La diversité générique s’assortit, comme on peut s’y attendre, d’une pluralité thématique. Surgissant des profondeurs de la vie nocturne, viennent nous faire signe, çà et là, un ange gardien, le vin vivant sa vie multiple, de beaux hommages (à Ben Corlaciu, écrivain, ami de la famille, à Enrique Vila-Matas…), des bribes d’existence quotidienne, et bien sûr de nombreuses résonances autobiographiques, où l’enfance, la Roumanie, « l’exil permanent » prennent une place discrète et émouvante. Résonances autobiographiques et, dirons-nous, autolinguistiques. Car le changement de langue, le « troc linguistique » est au cœur des textes. « Hormis quelques moments d’enchantement, le passage dans une autre langue est un exercice douloureux ».

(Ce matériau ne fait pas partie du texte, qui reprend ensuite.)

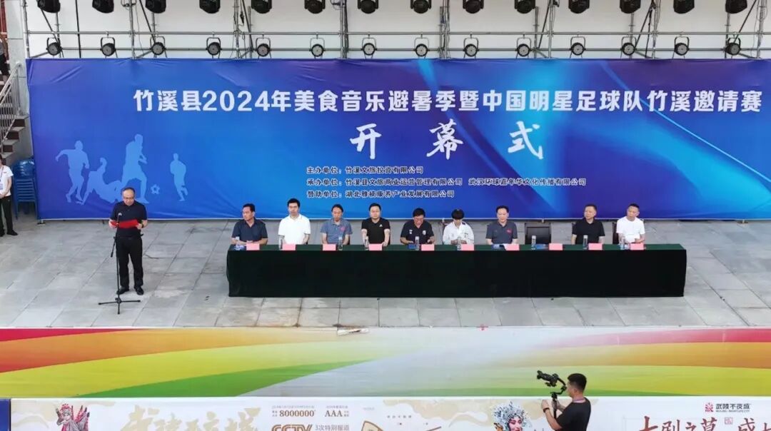 竹溪新聞網(wǎng)訊 記者 楊秦青 報(bào)道:以旅賦能,以體聚力。7月21日,竹溪縣2024年美食音樂(lè)避暑季暨中國(guó)明星足球隊(duì)竹溪邀請(qǐng)賽開(kāi)幕式在縣一中體育場(chǎng)舉行。中央電視臺(tái)著名主持人韓喬生應(yīng)邀為本次賽事現(xiàn)場(chǎng)解說(shuō),前國(guó)家女子足球隊(duì)隊(duì)長(zhǎng)劉愛(ài)玲應(yīng)邀參賽,縣委書(shū)記許慶一,市文化和旅游局黨組書(shū)記、局長(zhǎng)吳善宏,縣委副書(shū)記、縣長(zhǎng)師文明,縣人大常委會(huì)主任蔣波,縣政協(xié)主席李晉,市文化和旅游局副局長(zhǎng)、市體育中心主任王瑞,縣委副書(shū)記、政法委書(shū)記陶猛出席開(kāi)幕式。
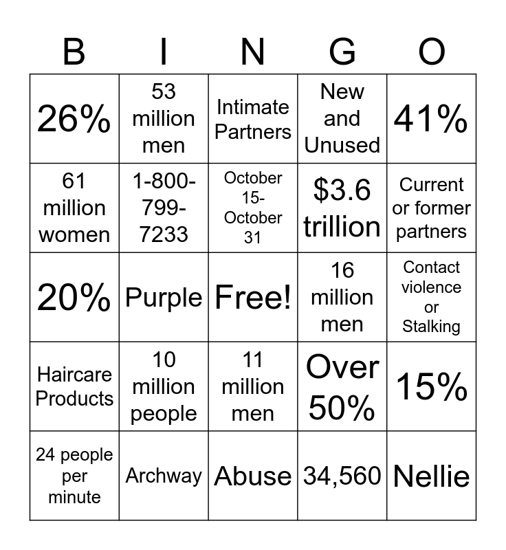 This bingo card has a free space and 24 words: 10 million people, Archway, October 15-October 31, 24 people per minute, 41%, 26%, 61 million women, 53 million men, 16 million men, 11 million men, $3.6 trillion, 20%, Over 50%, 15%, 1-800-799-7233, 34,560, Contact violence or Stalking, Intimate Partners, Current or former partners, Purple, Nellie, Haircare Products, New and Unused and Abuse.
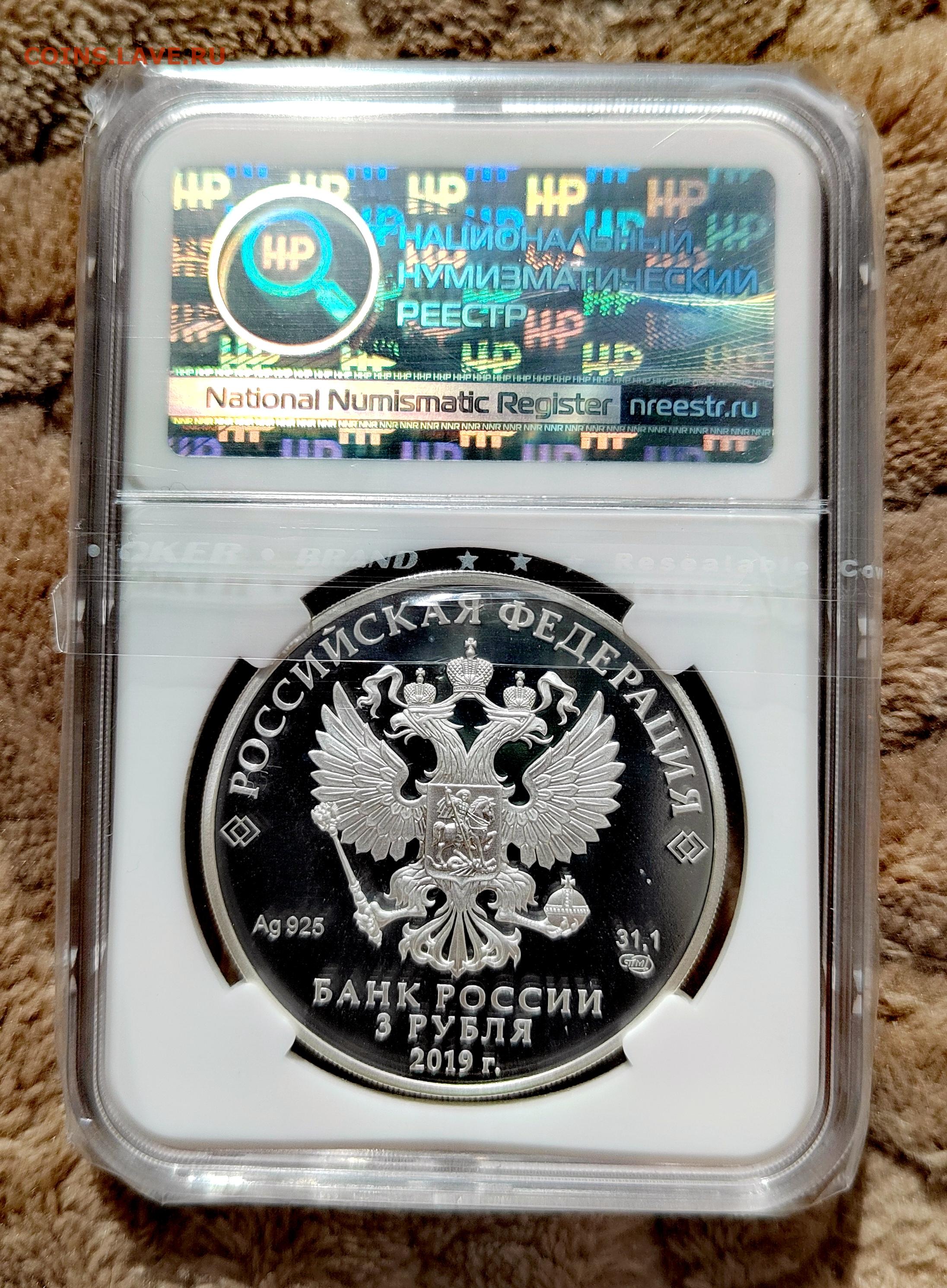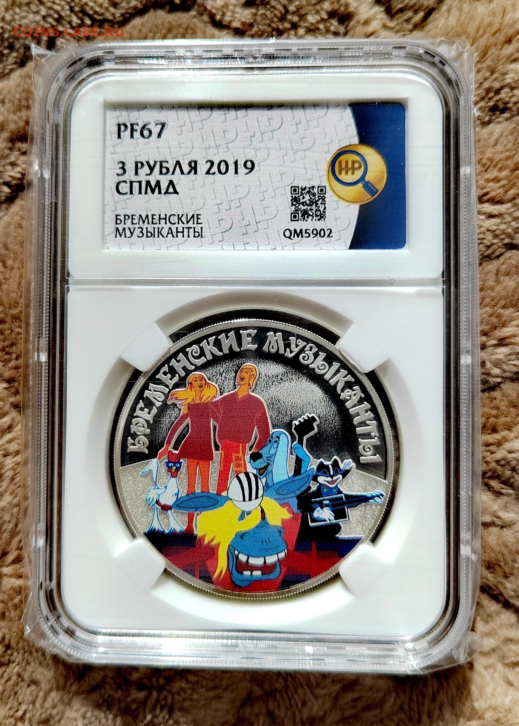 3 рубля 2019 СПМД Бременские музыканты PF67 в слабе ННР.
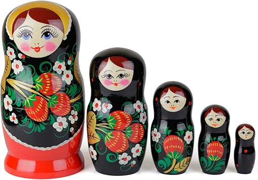 Matrioske Russe 5 Matrioska Stile Hohloma Babushka In Legno Giocattolo Regalo Disegno Con Foglie Nere E Dorate E Bacche Rosse Realizzata A Mano In Russia Hohloma 5 Pezzi 17 Cm
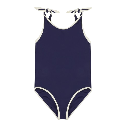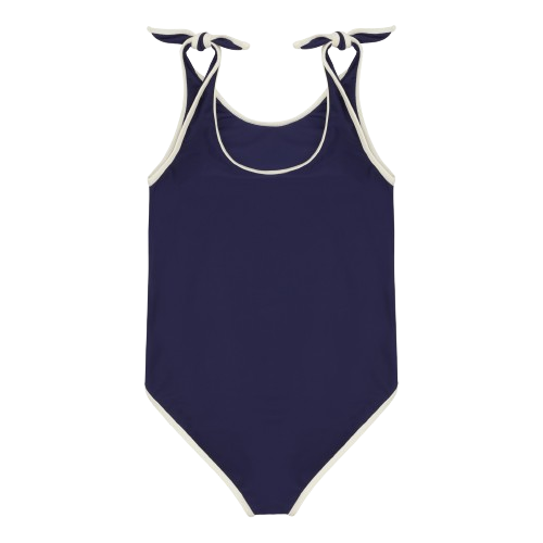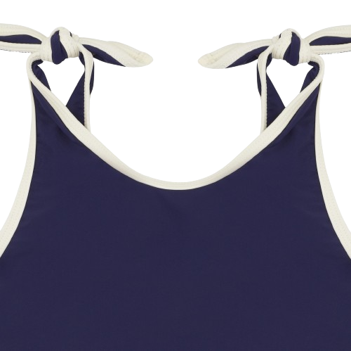 The cream-coloured contrast piping gives this style a timeless look that goes perfectly with our classic floats. Attached knot-bows on the shoulders adds a subtle feminine touch. Match with a tone-in-tone swim ring and swim goggles or mix your favourite colours for a beautiful complete look.
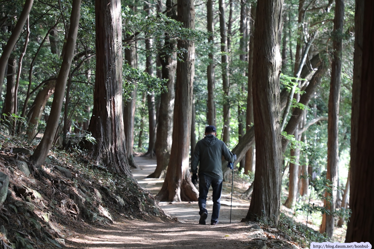 편백나무 숲이 우거져 아침 기운이 상쾌하게 느껴진다.
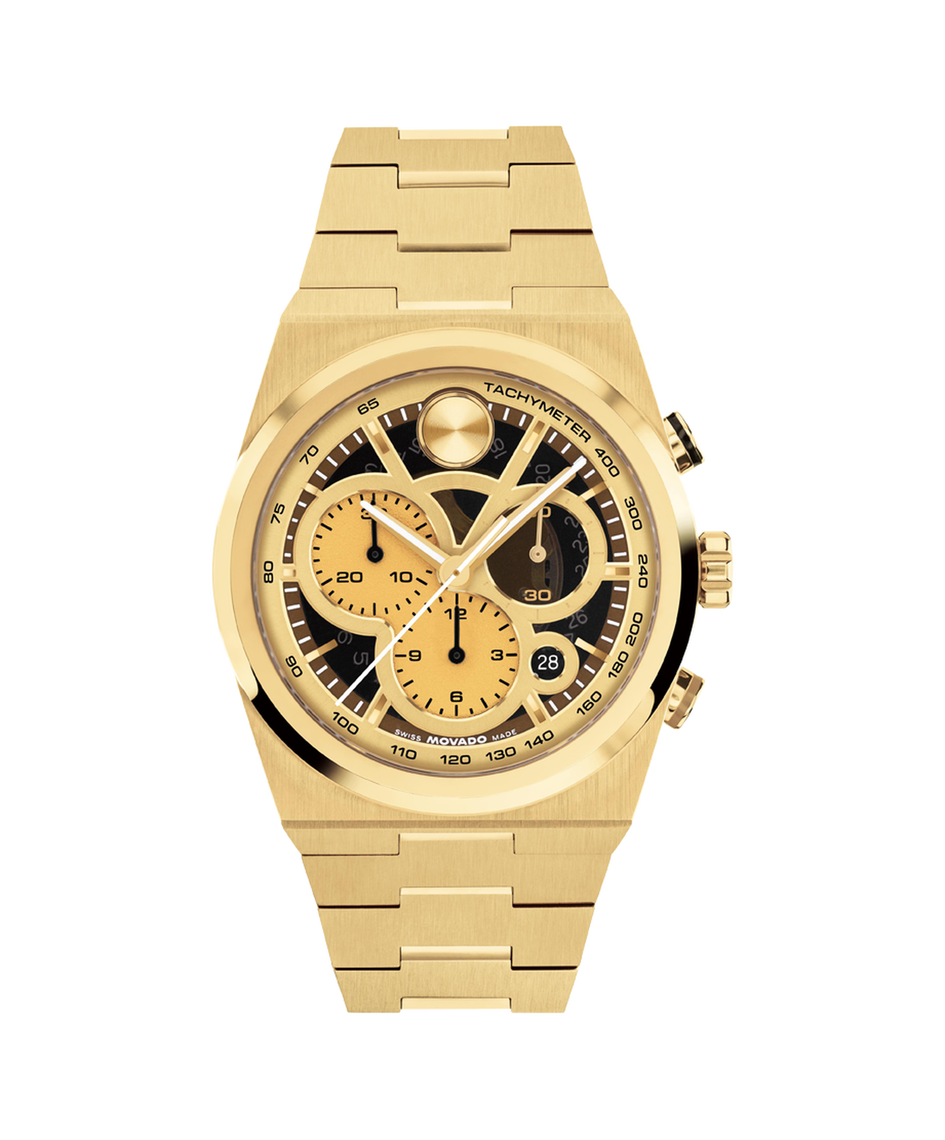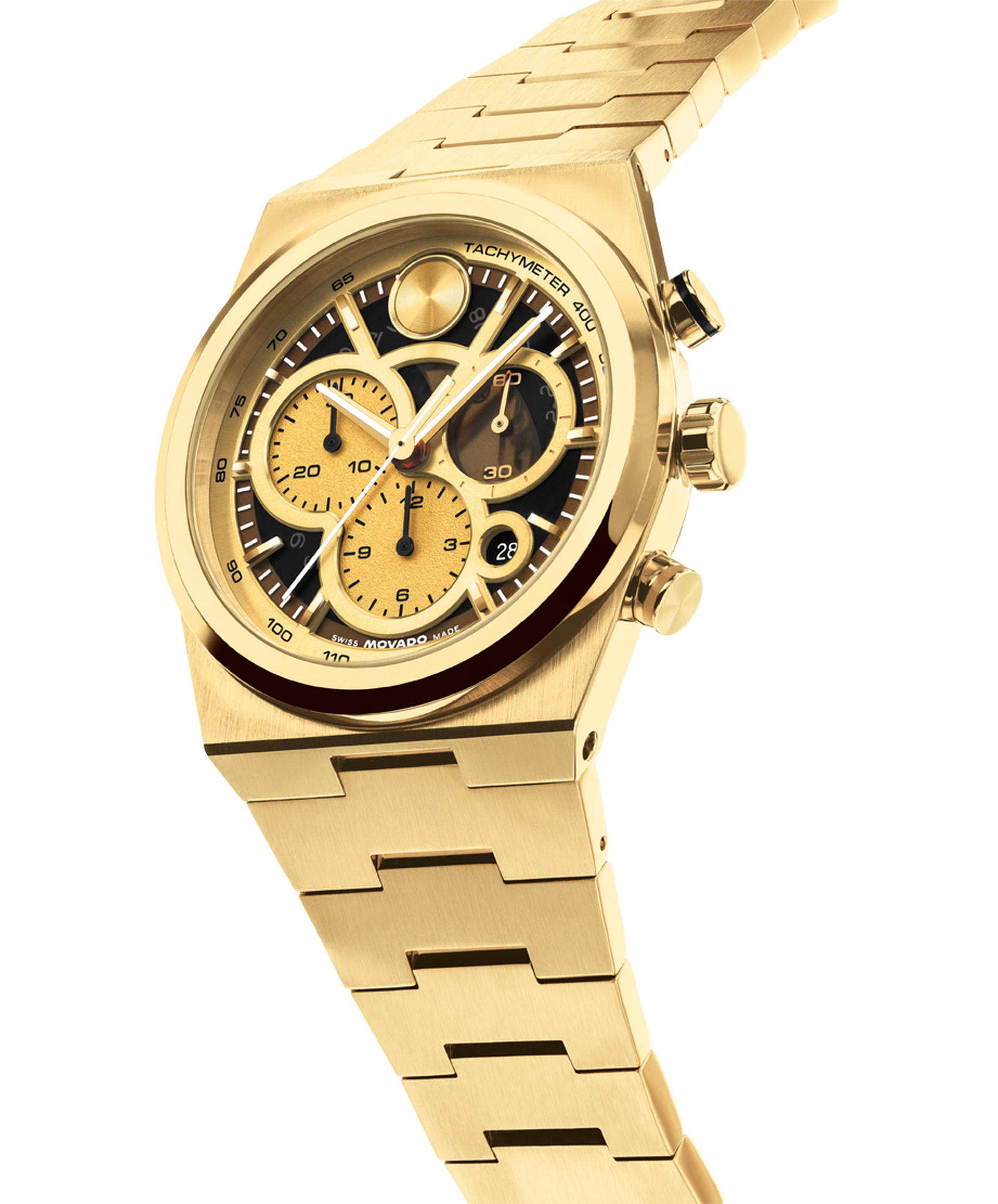 The BOLD Quest's shaped case pulls from Movado's 1970s archival design and looks to the future with an integrated bracelet.

Ce « journal de bord judicieusement déraisonnable » met en scène un « amour immodéré pour les mots » que Radu Bata fait abondamment partager à son lecteur. Vu de l’entre-deux-langues, le français se prête à la redécouverte, à la mise en perspective, aux effets d’assonances et d’allitérations, à l’« orage lexical », aux détournements, aux variations sémantiques et typographiques, dans une jubilation qu’entache à peine la désagrégation finale. Et le renouvellement de la langue s’assortit d’une intertextualité tout azimut : l’écriture est celle d’un grand lecteur, qui ne se prive pas de glisser la littérature universelle entre les lignes de son invention : allusions, citations, références, démarquage, parodie voire satire, tout y passe et beaucoup, sûrement, nous échappe.

Radu Bata, dont les publications précédentes (Fausse couche d’ozone, Le rêve d’étain) avaient déjà réjoui un public choisi, propose ici une réflexion en forme de puzzle, dans laquelle se livrent combat le pessimisme et la joie de vivre, la résignation et l’espoir, le cauchemar et l’utopie, le sommeil et la veille. Au bout du compte, le gagnant est le langage, cet « idiome intérieur » que l’auteur, généreusement, laisse à notre disposition.